━━━━━ Task material ━━━━━

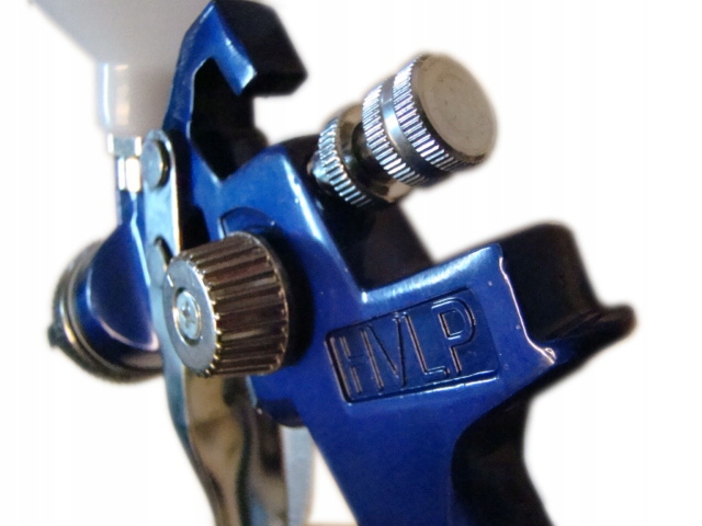 Краскораспылитель HVLP* (большой объем, низкое давление) — большой объем, низкое давление работает по принципу распыления воздуха в резервуаре с краской в облако. Сжатый воздух подается в сопло и бак с краской. Частицы распыленной краски выбрасываются в воздушную рубашку.
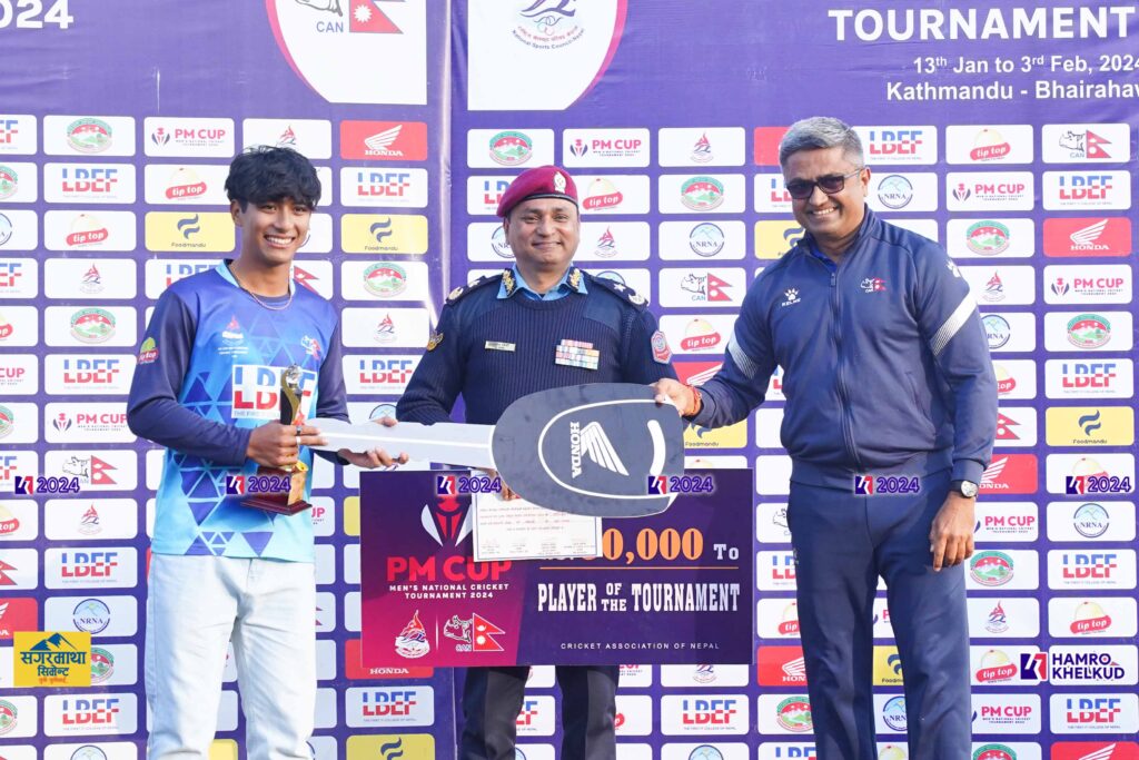 Kathmandu (Hamro Khelkud) – Bagmati Province’s young spinner Surya Tamang has been adjudged the Player of the Tournament of the PM Cup Men’s National Cricket 2080. Surya was announced as the best player following Nepal Police Club’s triumph over the Tribhuwan Army Club in the final.
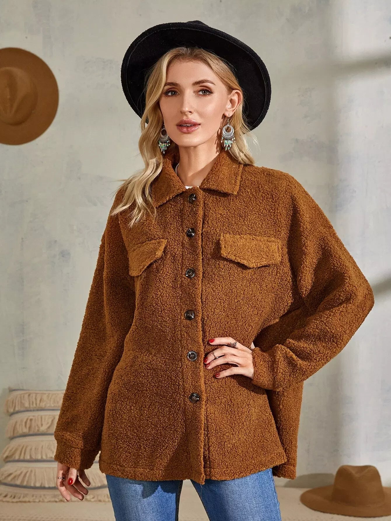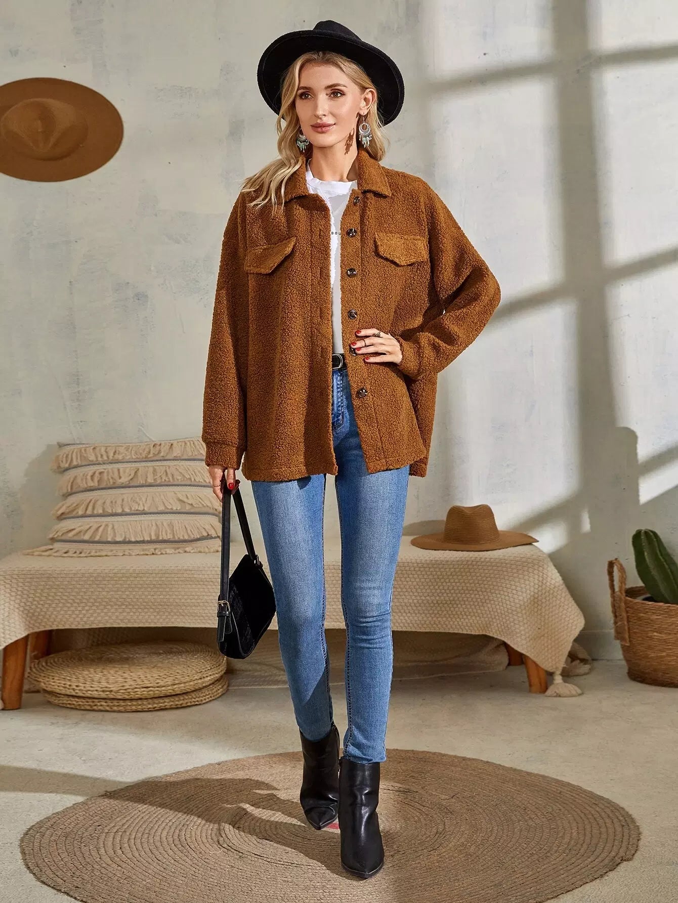 معطف من الصوف بتفاصيل قلاب على الكتف
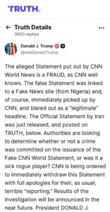 Reacting to a statement attributed to Iran, Trump dismissed the report, insisting it was fabricated. He alleged that the statement broadcast by CNN did not reflect Iran’s official position and was instead picked up from what he described as a “fake news site” originating from Nigeria.
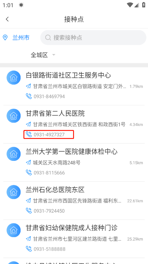 6、最后,在列表中找到你预约的那个接种门诊,点击门诊信息下方的电话图标,直接拨打该电话联系医院客服,通过人工沟通的方式来取消预约。
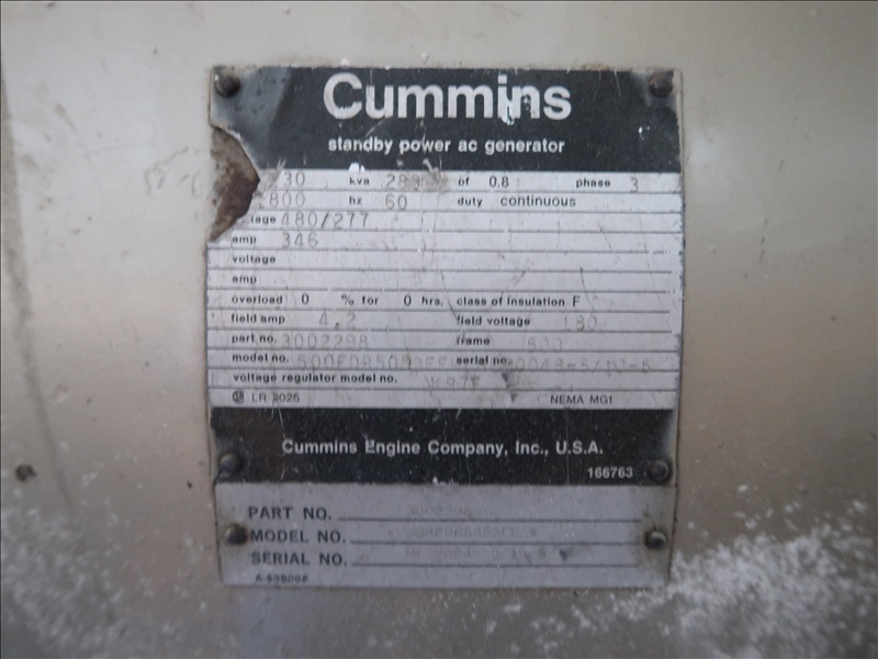 S/A, 27' VAN TRAILER, LIFTGATE, REAR ROLL UP DOOR, SPRING SUSPENSION, A/B W/CUMMINS 288 KVA 277/480V, 3 PHASE, CUMMINS NT-855-GS, 6 CYL DIESEL (MISSING ENGINE, ELECTRICAL & GENERATOR PARTS, DOES NOT RUN OR OPERATE, PLEASE PREVIEW)

━━━━━

#### [Brief]
Would you retype the entries above in full, exactly as written, minus the pictures?

#### [Written reply]
 Краскораспылитель HVLP* (большой объем, низкое давление) — большой объем, низкое давление работает по принципу распыления воздуха в резервуаре с краской в облако. Сжатый воздух подается в сопло и бак с краской. Частицы распыленной краски выбрасываются в воздушную рубашку.
 Kathmandu (Hamro Khelkud) – Bagmati Province’s young spinner Surya Tamang has been adjudged the Player of the Tournament of the PM Cup Men’s National Cricket 2080. Surya was announced as the best player following Nepal Police Club’s triumph over the Tribhuwan Army Club in the final.
 معطف من الصوف بتفاصيل قلاب على الكتف
 Reacting to a statement attributed to Iran, Trump dismissed the report, insisting it was fabricated. He alleged that the statement broadcast by CNN did not reflect Iran’s official position and was instead picked up from what he described as a “fake news site” originating from Nigeria.
 6、最后,在列表中找到你预约的那个接种门诊,点击门诊信息下方的电话图标,直接拨打该电话联系医院客服,通过人工沟通的方式来取消预约。
 S/A, 27' VAN TRAILER, LIFTGATE, REAR ROLL UP DOOR, SPRING SUSPENSION, A/B W/CUMMINS 288 KVA 277/480V, 3 PHASE, CUMMINS NT-855-GS, 6 CYL DIESEL (MISSING ENGINE, ELECTRICAL & GENERATOR PARTS, DOES NOT RUN OR OPERATE, PLEASE PREVIEW)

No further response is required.